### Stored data
((

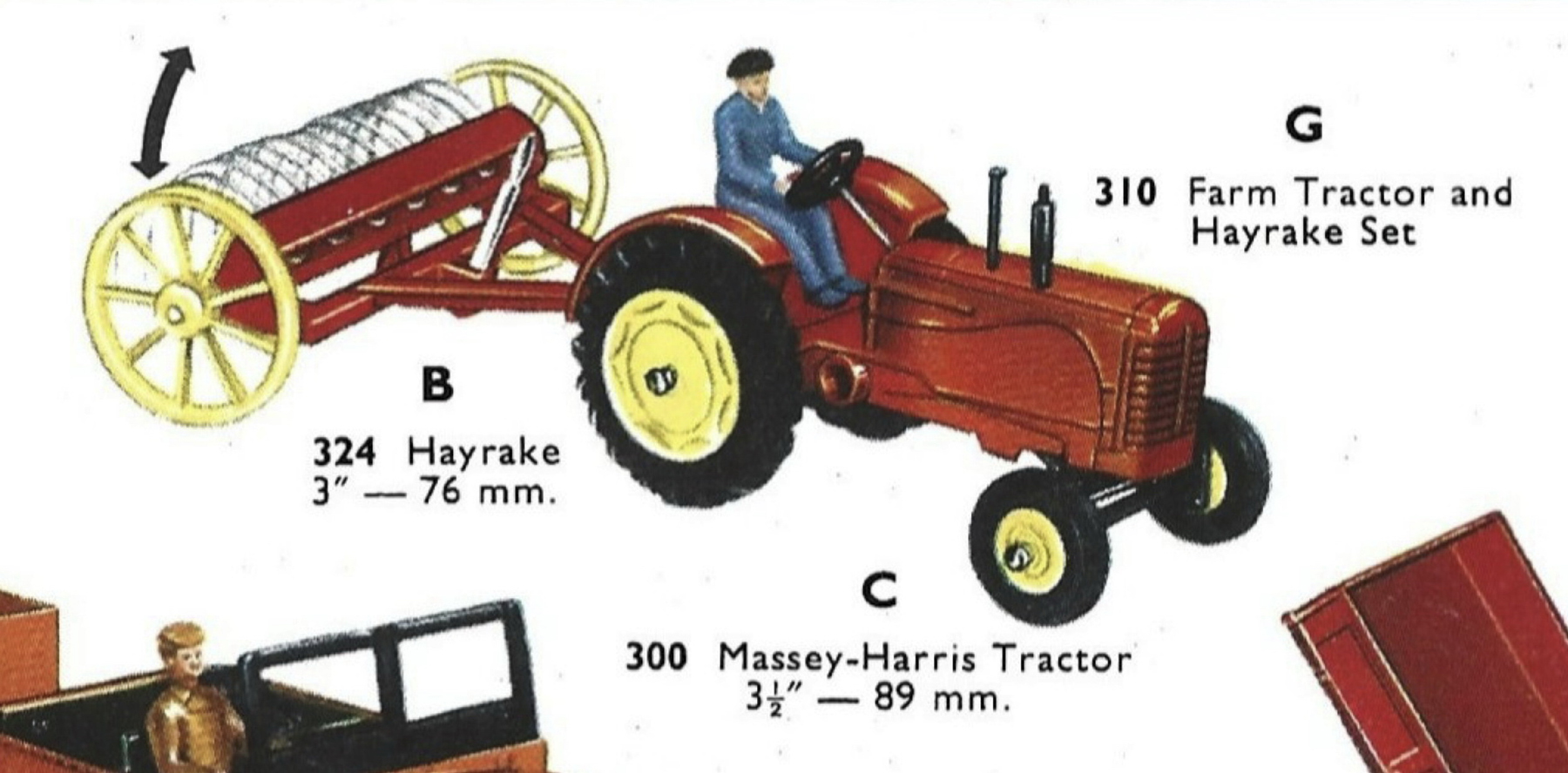 The Massey-Harris Tractor brand name was used by Meccano Liverpool up to and including the 1965 catalog. In 1964 and 1965, Massey-Harris tractors were shown in catalogs with the name Massey-Harris Tractor, but without the brand name on the model. Perhaps Meccano Liverpool didn’t yet have permission to use the new brand name Massey-Ferguson and this was not arranged until 1966, when the models and catalogs started appearing with the Massey-Ferguson brand name. During this transitional period 1964–1965, Massey-Harris tractor models were issued without the brand name on the model.
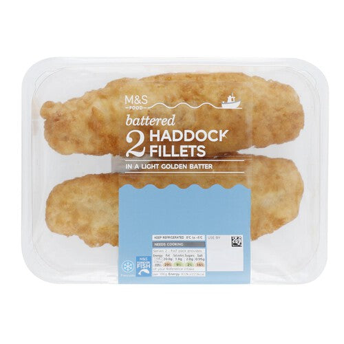 Read MoreM&S 2 Battered Haddock Fillets Two haddock fillets in a light golden batter. Simply oven cook and serve alongside chunky chips and mushy peas. Serves 2. Our M&S seafood products have been sourced from fisheries and fish farms in a way that minimises their ethical and environment impact, while guaranteeing you the highest quality, delicious seafood you’d expect from M&S.
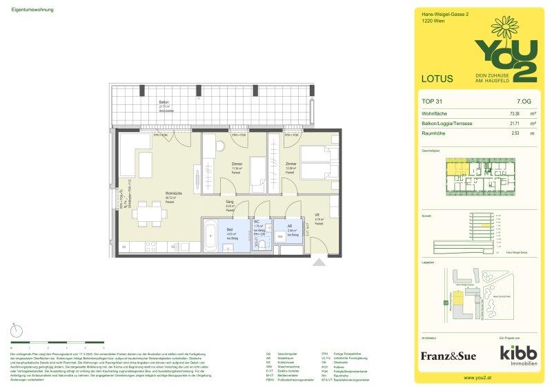 LOTUS: 53 Eigentumswohnungen (1 bis 4 Zimmer von 33 bis 87 m², 8 Geschosse, KFZ-Plätze, frei finanziert, Gemeinschaftsflächen, HWB 18,4, fGEE: 0,54)
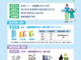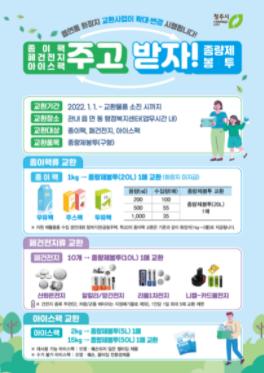 청주시는 2022년부터 읍면동 행정복지센터에서 시민을 대상으로 재활용자원(종이팩, 폐전건지, 아이스팩)을 구형 종량제봉투로 바꿔주는 교환사업을 확대(변경) 시행한다.
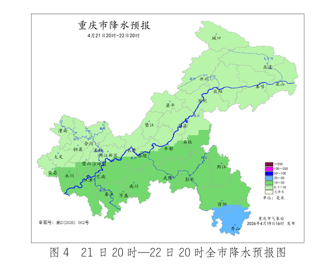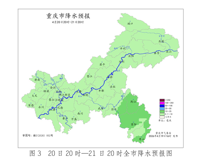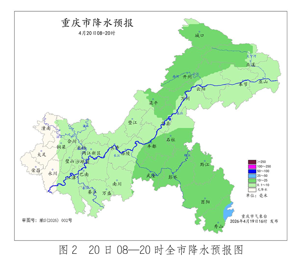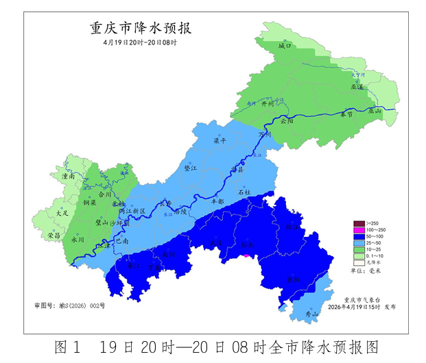 重庆市气象台预计19日夜间强降雨主要影响中西部偏南和东南部地区,雨量50~70毫米;20日白天降雨减弱。20日夜间到22日白天,各地有阵雨,局地大雨(25~40毫米)。 未来三天天气预报 19日夜间(19日20时—20日08时),中西部和东南部大部地区中到大雨,部分地区暴雨(50~70毫米),个别地区大暴雨(100~120 毫米),雷雨时伴有7~9级阵性大风,局地有冰雹,其余地区小到中雨,气温13~26℃;中心城区中到大雨,气温19~25℃。 20日白天(20日08—20时),西部偏西地区阵雨转阴天,其余地区小到中雨,局地大雨(25~30毫米),气温13~25℃;中心城区阵雨转阴天,气温19~24℃。 20日夜间到21日白天(20日20时—21日20时),各地阴天有阵雨,雨量小到中雨,气温12~23℃;中心城区阵雨,气温19~22℃。 21日夜间到22日白天(21日20时—22日20时),中东部- 1地区中到大雨(25~40毫米)转阵雨,其余地区阵雨转阴天间多云,气温11~24℃;中心城区小到中雨转阴天,气温17~24℃。
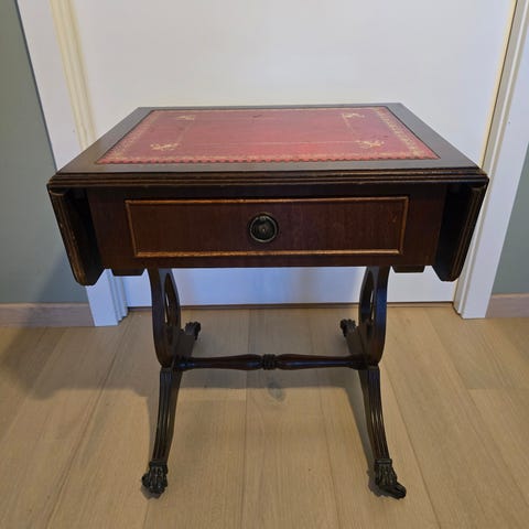 Antikk Gammelt klaffbord/bondebord med to velfungerende klaffer. Bordet ser fantastisk ut i virkeligheten og er i flott stand tross alder,praktisk skuff. Meget plassbesparende kjøkkenbord. Kan brukes ogsp som avlastnings/sidebord eller på kontoret som skrivebord/arbeidsbord.
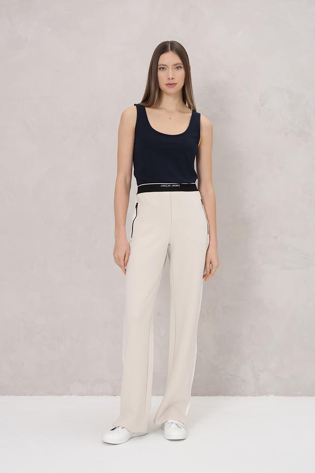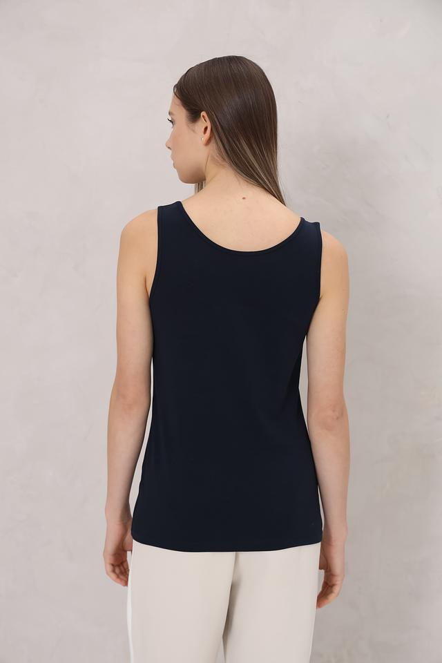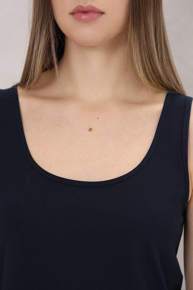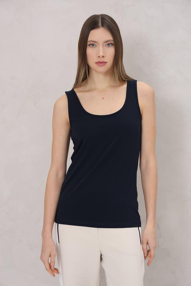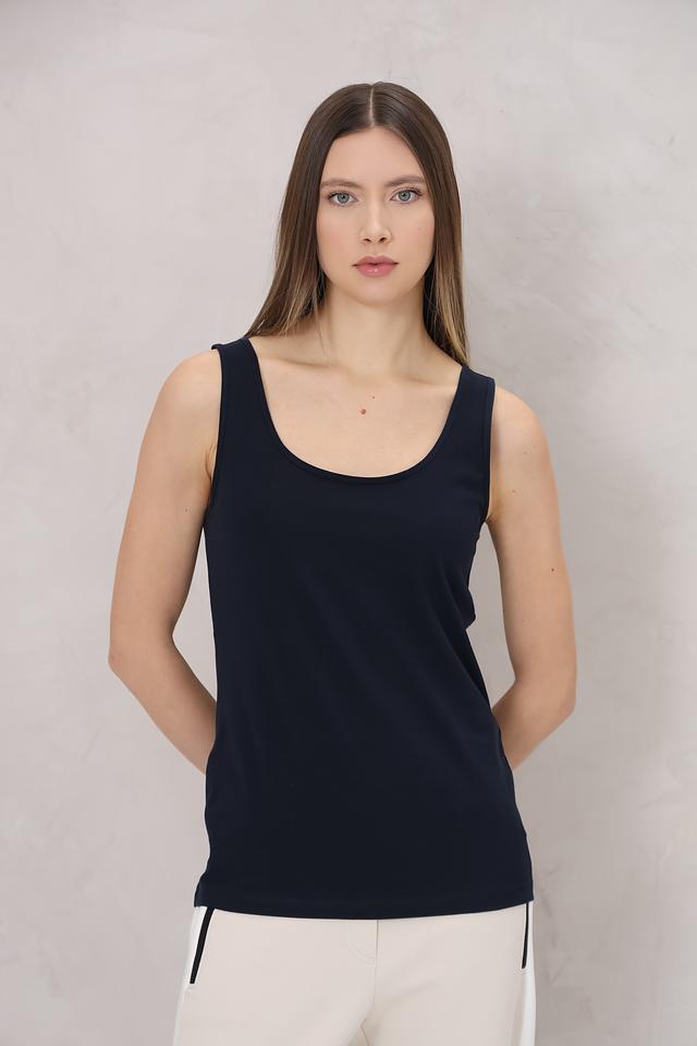Топ имеет прямой крой и круглый вырез горловины, что обеспечивает комфортную посадку по фигуре. Изготовлен из высококачественного хлопка с добавлением эластана, благодаря чему он приятен к телу, хорошо держит форму и не сковывает движений.
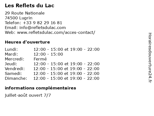 | Dimanche | 12:00-15:00 et 19:00-22:00 |
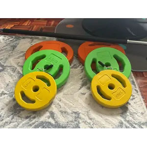 With this HOMCOM 20kg barbell weight set, your weightlifting journey starts here. It comes with three different weights - 5kg, 2.5kg and 1.5kg - so you pick a weight that's comfortable for you to lift. The bar is strong and rigid, with non-slip handles for a firm grip when exercising. The bench press bar and weights set also comes end fixings to keep the weights securely on the bar - they won't fall off at any point.
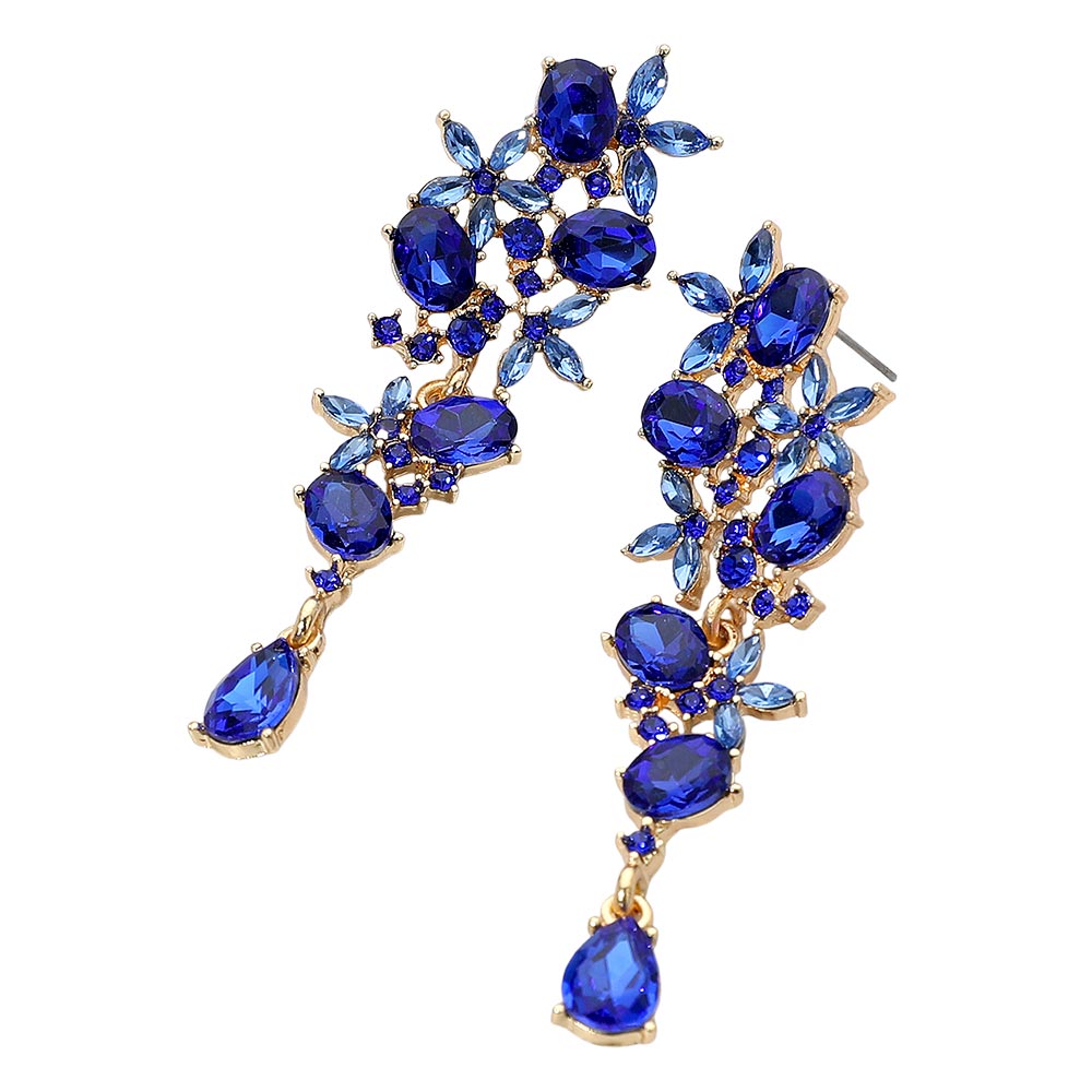 Flower Teardrop Stone Cluster Dangle Evening Earrings
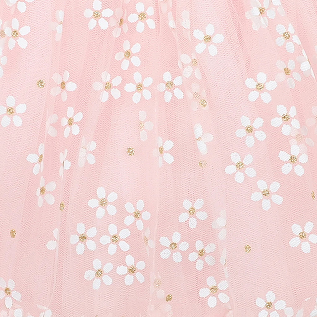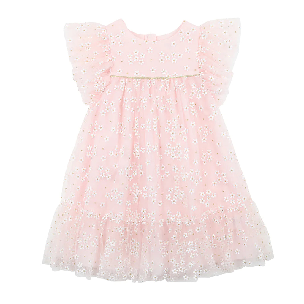 This pretty pink tulle daisy glitter print dress, features lurex piping at yoke seam, gathered skirt with hem frill, gathered frilled sleeves and a zip back opening for easy dressing.
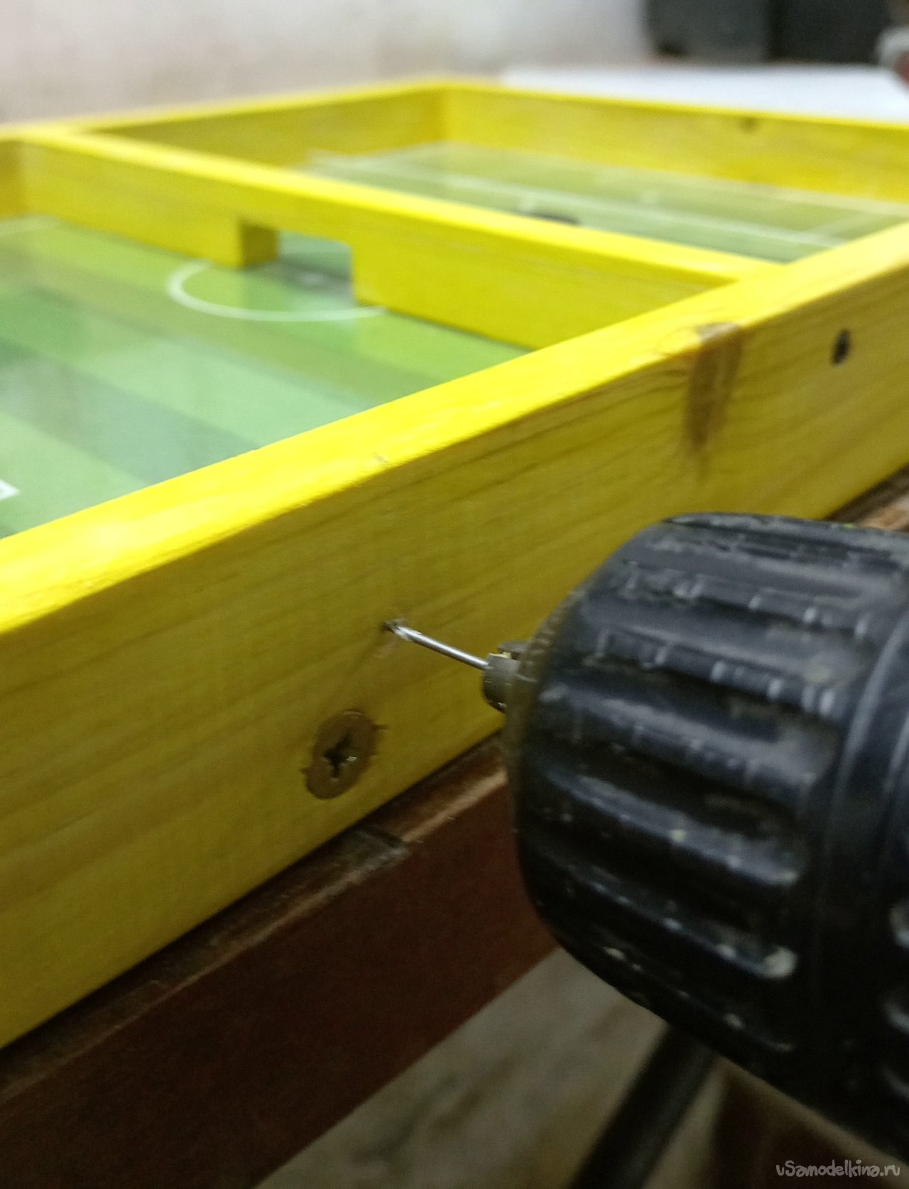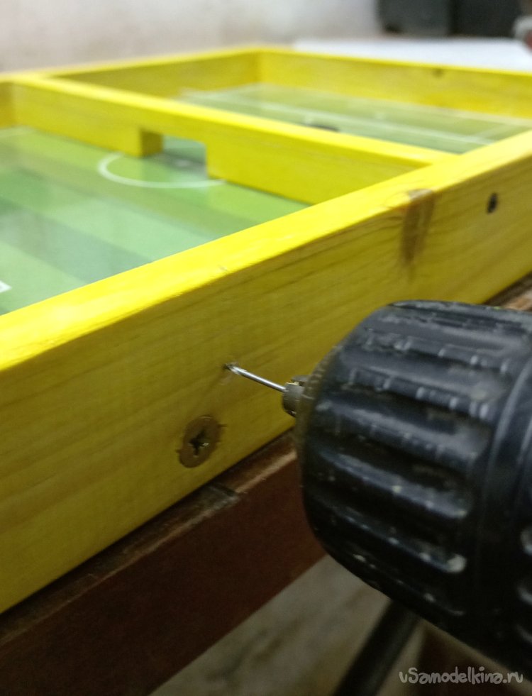 Заключительный этап создания "Вышибай-ки" был, пожалуй, самым волнительным – натяжка резинок. Именно резинки придают игре динамику и делают ее по-настоящему увлекательной. Я взял тонкое сверло и аккуратно просверлил небольшие отверстия по периметру игрового поля, отступив от краев на одинаковое расстояние. Важно было сделать отверстия достаточно тонкими, чтобы резинки плотно сидели, но при этом не рвались при натяжении.

))

### Work required
Drop the pictures; return the lines above from the line containing "청주시는 2022년부터 읍면동" to the line containing "Antikk Gammelt klaffbord/bondebord", both included, exactly.

### The completed task
 청주시는 2022년부터 읍면동 행정복지센터에서 시민을 대상으로 재활용자원(종이팩, 폐전건지, 아이스팩)을 구형 종량제봉투로 바꿔주는 교환사업을 확대(변경) 시행한다.
 重庆市气象台预计19日夜间强降雨主要影响中西部偏南和东南部地区,雨量50~70毫米;20日白天降雨减弱。20日夜间到22日白天,各地有阵雨,局地大雨(25~40毫米)。 未来三天天气预报 19日夜间(19日20时—20日08时),中西部和东南部大部地区中到大雨,部分地区暴雨(50~70毫米),个别地区大暴雨(100~120 毫米),雷雨时伴有7~9级阵性大风,局地有冰雹,其余地区小到中雨,气温13~26℃;中心城区中到大雨,气温19~25℃。 20日白天(20日08—20时),西部偏西地区阵雨转阴天,其余地区小到中雨,局地大雨(25~30毫米),气温13~25℃;中心城区阵雨转阴天,气温19~24℃。 20日夜间到21日白天(20日20时—21日20时),各地阴天有阵雨,雨量小到中雨,气温12~23℃;中心城区阵雨,气温19~22℃。 21日夜间到22日白天(21日20时—22日20时),中东部- 1地区中到大雨(25~40毫米)转阵雨,其余地区阵雨转阴天间多云,气温11~24℃;中心城区小到中雨转阴天,气温17~24℃。
 Antikk Gammelt klaffbord/bondebord med to velfungerende klaffer. Bordet ser fantastisk ut i virkeligheten og er i flott stand tross alder,praktisk skuff. Meget plassbesparende kjøkkenbord. Kan brukes ogsp som avlastnings/sidebord eller på kontoret som skrivebord/arbeidsbord.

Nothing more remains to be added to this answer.